My husband just tried to seduce me by saying we can do it doggystyle so you can watch tv
i wonder if she gts uncomfortable walkin bu when she knows we all know what her pussy tastes like
He said they were doing a skit in class apparently someone else is dressed like a horse. Ive never felt more proned to skipping class than now
It's horrible of you to say your above all this when the bar uses your drunk picture to scare people.
Hey, you gotta think, is this REALLY the penis you wanna see for the rest of your life? THINK!
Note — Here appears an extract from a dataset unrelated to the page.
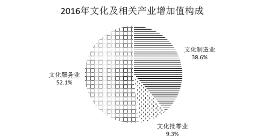 按行业分,2016年文化制造业增加值为11889亿元,比上年增长7.6%,占文化及相关产业增加值的比重为38.6%;文化批发零售业增加值为2872亿元,增长13.0%,占9.3%;文化服务业增加值为16024亿元,增长17.5%,占52.1%。
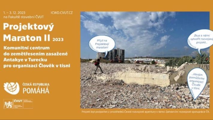Zapojte se do dalšího Projektového maratonu pořádaným ICWD ČVUT a pomozte tak vytvořit projekt komunitního centra v turecké Antakyi pro organizaci Člověk v tísni. Akce bude probíhat ve dnech 1. až 3. prosince od 17:00 v Kantor Coffee na Fakultě stavební ČVUT.  Účastí tedy můžete pomoci vytvořit dobrou věc, vyzkoušet si v praxi přípravu rozvojového projektu a dozvědět se spoustu nových věcí o takovýchto projektech v zahraničí. Přihlásit se můžete zde. Více informací na tomto odkazu.

Yeah when we were together he never sent me dick pics like a normal boyfriend. It was always pizzas. That should've been my sign.
I just got offered money for pictures of my boobs
I accepted the offer
Suffice to say, I think if people ask about your bruises, and you look them right in the eye, and say "they're from fucking...", people would be like, "respect."
I took my makeup off with mouthwash. Seemed like a good idea. It worked.
Blacked out and Irish exited last night. At dinner. On a Sunday.
She showed up at 4:30 in the morning HAMMERED, stripped, demanded sex, then after 4 failed attempts stopped me mid-thrust to tell me she thought we should be fucking for a cause, like animal rights. Process that for a second. She wanted us to be fucking for animal rights.
I told him I was on my period but he says "I'm a doctor, you think I can't handle blood?" And just went for it. Jackpot
I knew I no longer wanted to bone him when he put the Grease soundtrack on as "mood music", no guy looks attractive singing and dancing to greased lightning naked.
I've had way too many dicks in my mouth the past two weeks. Ready to go back to school and be a doctor now
I got here. Mom yelled "drink of the day is blueberry sangria" and next thing I knew I was on a slip and slide.